** SUPPLIED MATERIAL follows **
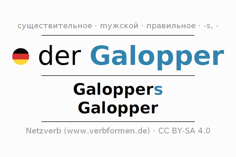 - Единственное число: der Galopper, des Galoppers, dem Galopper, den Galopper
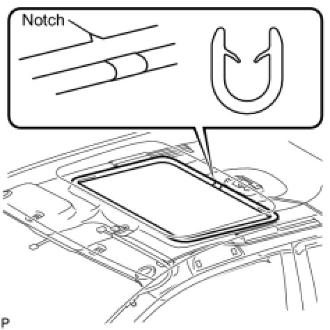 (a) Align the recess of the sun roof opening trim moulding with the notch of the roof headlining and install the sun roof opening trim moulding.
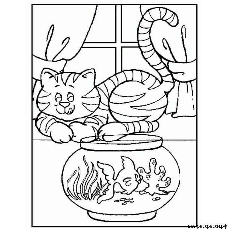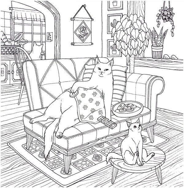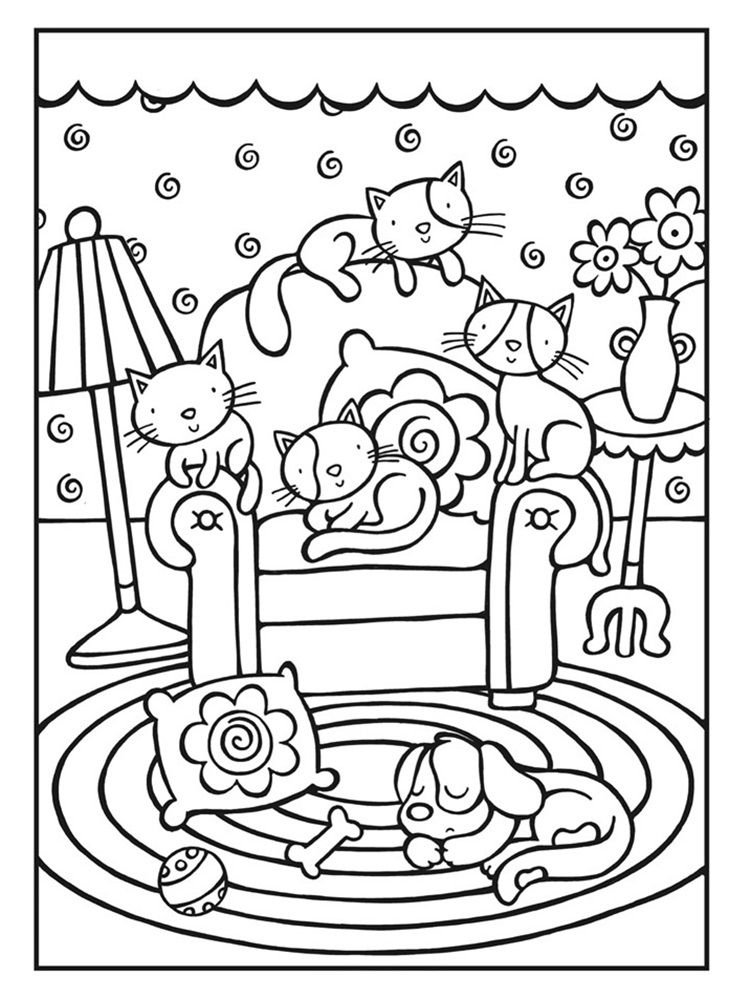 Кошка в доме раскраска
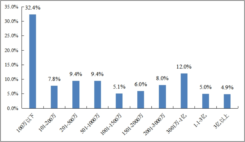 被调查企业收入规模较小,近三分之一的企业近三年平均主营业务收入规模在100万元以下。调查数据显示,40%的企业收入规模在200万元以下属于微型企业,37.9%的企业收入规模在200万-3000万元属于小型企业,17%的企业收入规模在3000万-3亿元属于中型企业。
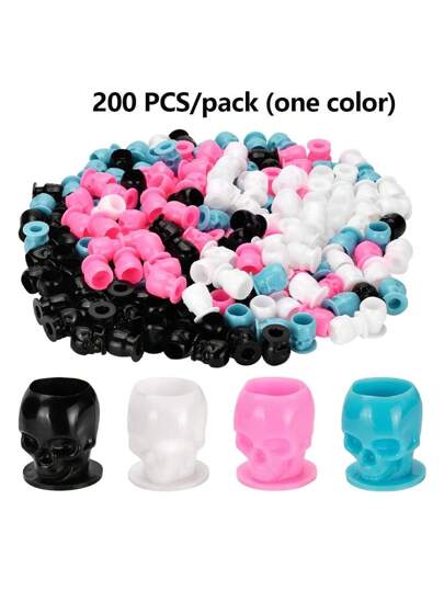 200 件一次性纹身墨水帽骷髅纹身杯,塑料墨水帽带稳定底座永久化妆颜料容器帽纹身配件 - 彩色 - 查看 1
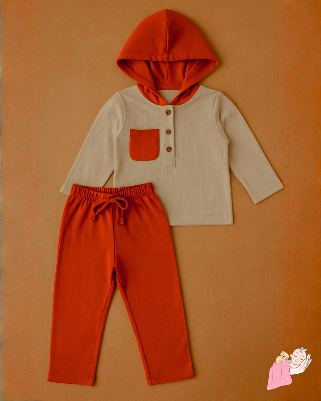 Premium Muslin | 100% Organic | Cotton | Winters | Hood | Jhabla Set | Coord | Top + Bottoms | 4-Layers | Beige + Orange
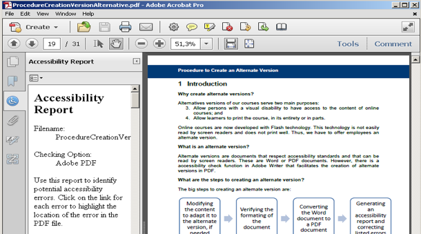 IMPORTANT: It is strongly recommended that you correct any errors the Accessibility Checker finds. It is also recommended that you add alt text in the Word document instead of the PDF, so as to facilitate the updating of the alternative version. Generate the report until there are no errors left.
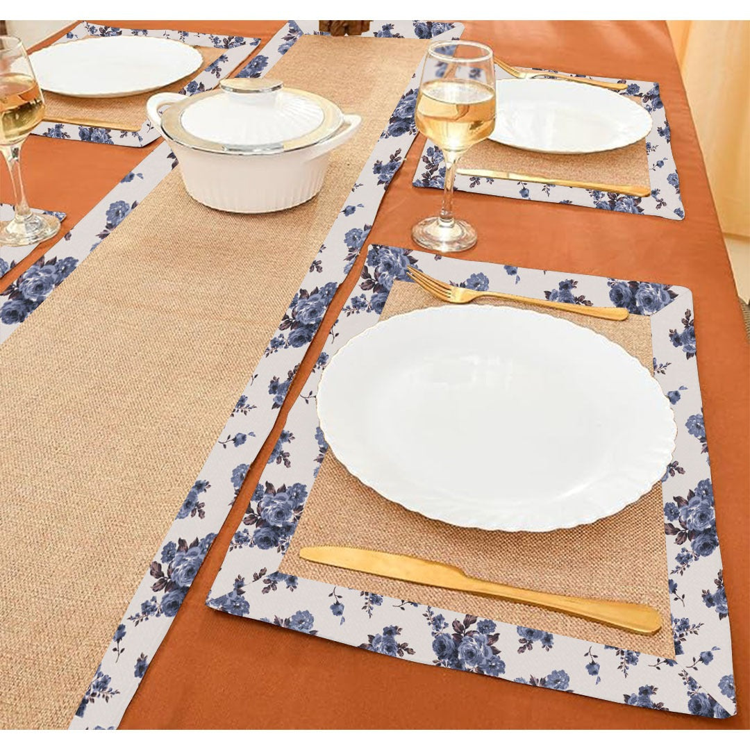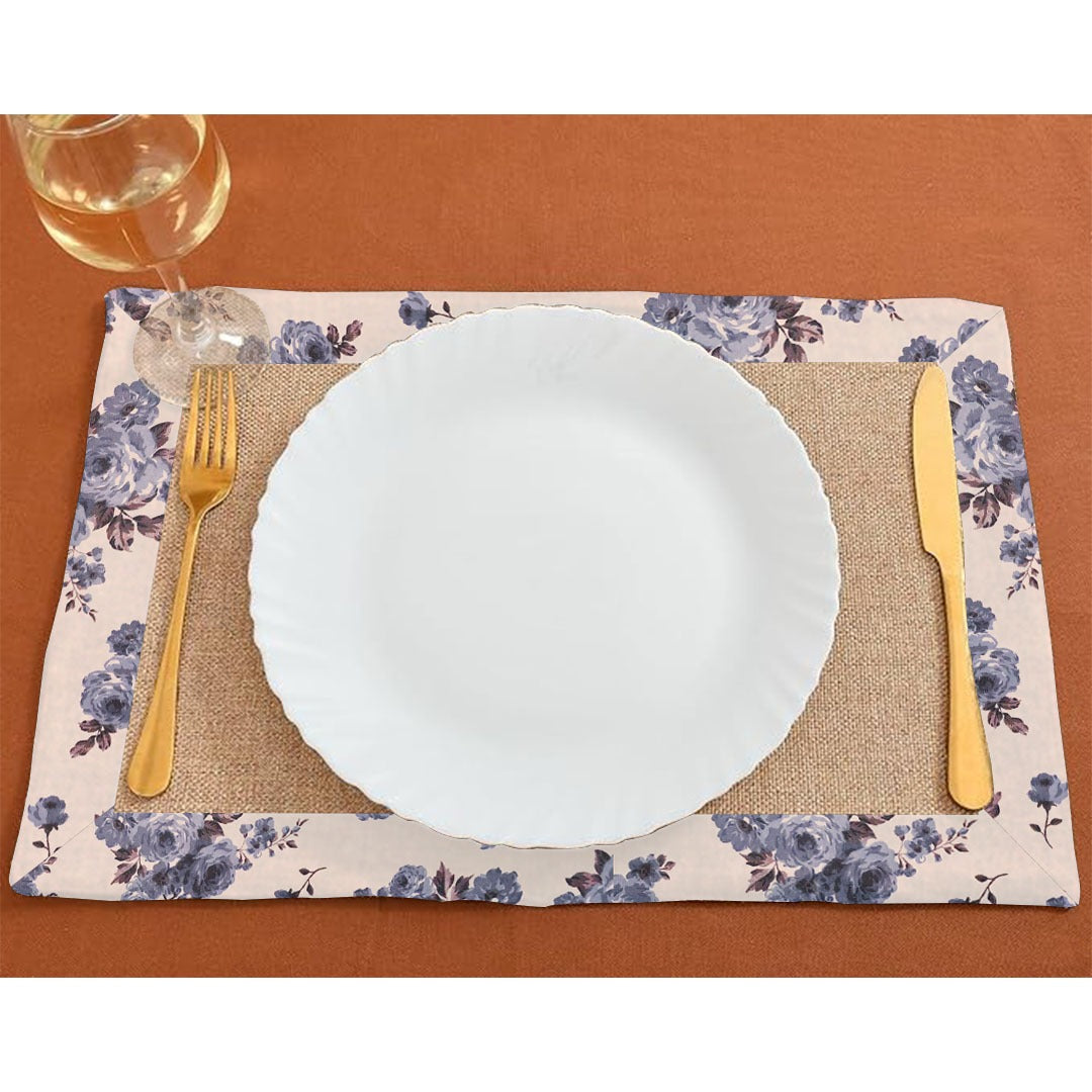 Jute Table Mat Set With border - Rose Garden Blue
** End of SUPPLIED MATERIAL **
### EXERCISE BRIEF
Both boundary lines included, write out word for word only the lines above from the one containing "(a) Align the" to the one containing "被调查企业收入规模较小,近三", leaving out any pictures.

### SOLUTION TO THE EXERCISE
 (a) Align the recess of the sun roof opening trim moulding with the notch of the roof headlining and install the sun roof opening trim moulding.
 Кошка в доме раскраска
 被调查企业收入规模较小,近三分之一的企业近三年平均主营业务收入规模在100万元以下。调查数据显示,40%的企业收入规模在200万元以下属于微型企业,37.9%的企业收入规模在200万-3000万元属于小型企业,17%的企业收入规模在3000万-3亿元属于中型企业。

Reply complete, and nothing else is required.